What tensile stress unit is "ksi"?

The stress to make stainless steel bolts gain 1% in length over 10,000 hours at elevated temperatures like 1000 °F is given in “ksi”. What units are these?

I don’t think it can be “kilograms (force) per square inch”, because the numbers are typically around 20 and the temperatures are within recommended usage range.
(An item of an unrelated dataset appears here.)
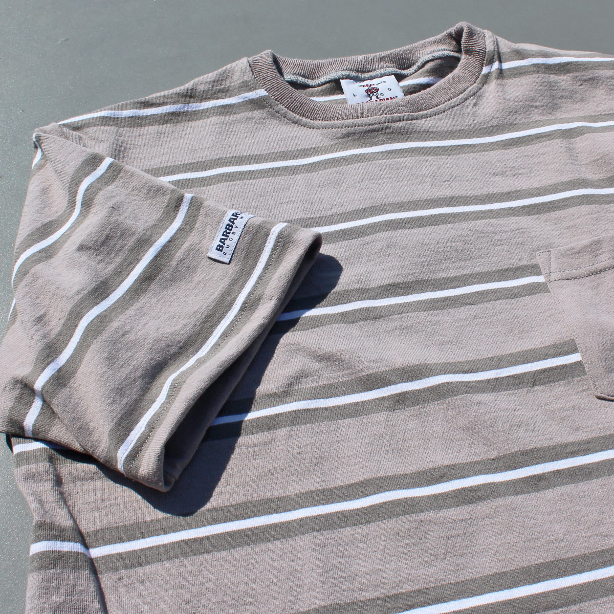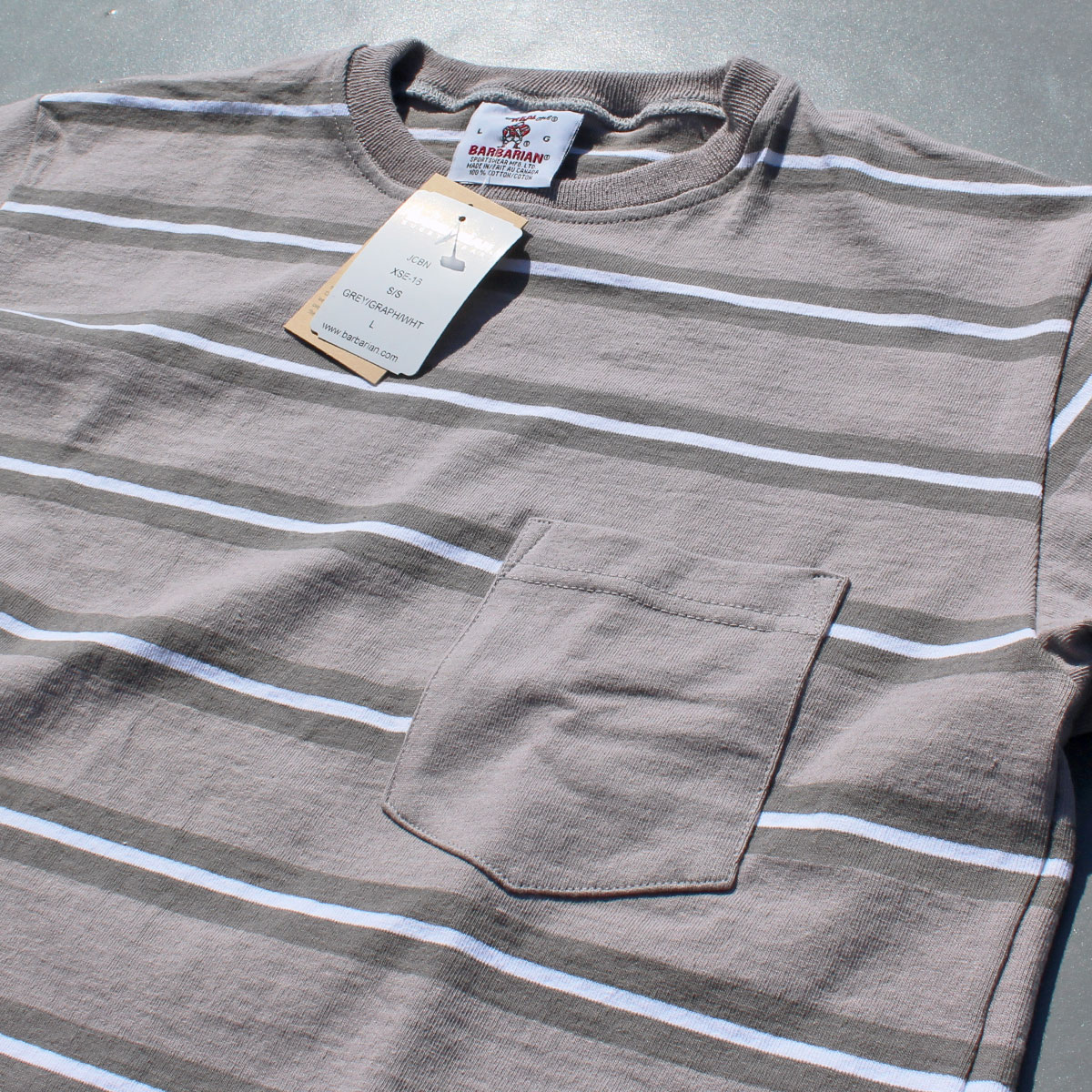 BARBARIAN "NEW JAPAN SIZE SPEC" XSE-16 8oz POCKET CREW SHORT SLEEVE RUGBY JERSEY ラガーシャツ 半袖 カナダ製 GREY/GRAPHITE/WHITE S-XL 送料無料!

A stress of 20 kilograms (force) per square inch is probably what styrofoam could handle, not what stainless steel could handle.
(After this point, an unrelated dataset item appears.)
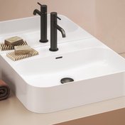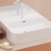 La vasque est conçue pour être placée sur un plan de travail ou sur un meuble. Sa forme lui permet d’être placée contre le mur. Les lignes droites sont légères et s’intègrent parfaitement dans un intérieur moderne.
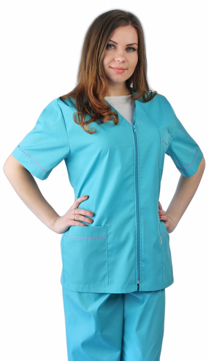 Костюм состоит из блузы и брюк. Блуза полуприлегающего силуэта с центральной застежкой на молнию, V-образным вырезом горловины и короткими рукавами с отделкой из цветного канта. С левой стороны на уровне груди и в нижней части полочки накладные карманы с отделкой из цветного канта. Ширина спинки регулируется поясами, выходящими из боковых швов. Брюки на поясе с резинкой.

Maybe the numbers are plausible if the “k” stands for “kilopounds”, but I’m kinda grasping at straws here…

ksi = thousands of pounds per square inch

1 ksi = 1,000 psi, 2 ksi = 2,000 psi, etc. 20 ksi is therefore 20,000 psi

k is also referred to as a kip

You may have been grasping at straws, but it is kilopounds per square inch.
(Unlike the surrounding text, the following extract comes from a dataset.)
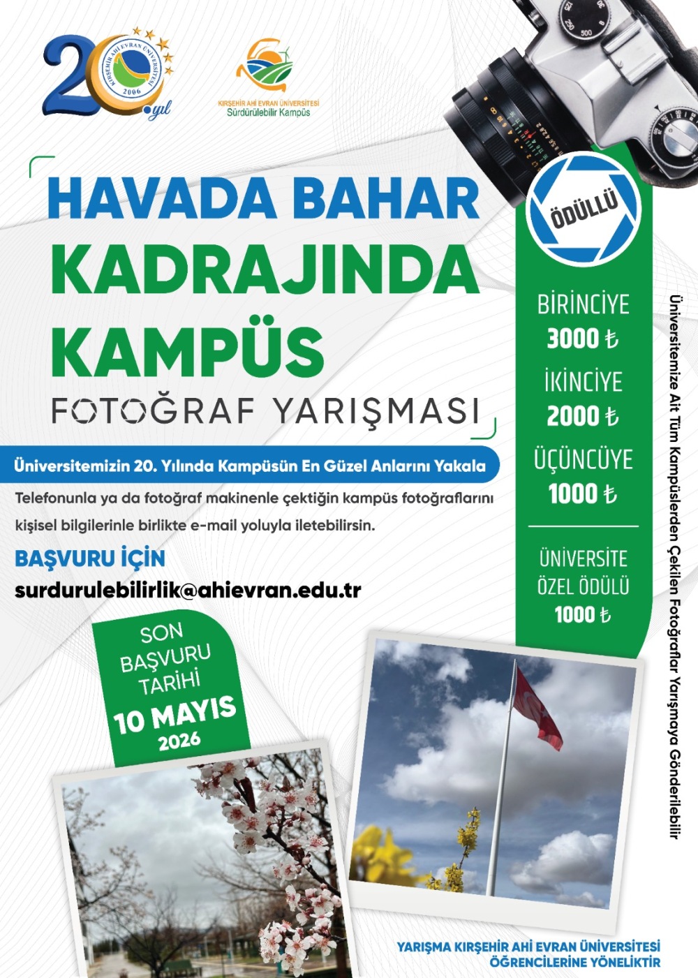 Üniversitemizin 20. yılı etkinlikleri kapsamında “Havada Bahar Kadrajında Kampüs” Fotoğraf Yarışması düzenlenmektedir. Tüm öğrencilerimizi kampüsümüzün bahar güzelliklerini kadrajlarına yansıtmaya davet ediyoruz. 📷🌸

It’s kilopounds. From Wiki:

(For the record, I just googled KSI and the article on pressure was the third result.)

Damn, I use units of ksi every freakin’ day, so I was hoping I’d be the first to answer this one.

But the others are correct, it’s kips (or kilopounds) per square inch.

Wow! I thought my guess was dumb!

Thanks!

So did the kilo- prefix predate the metric system?

I never thought about that before, but the bottom of this page has a list of prefix etymologies. Some of them are modified from their original languages; kilo-, for example, is derived from the Greek chiloi (says Wikipedia.)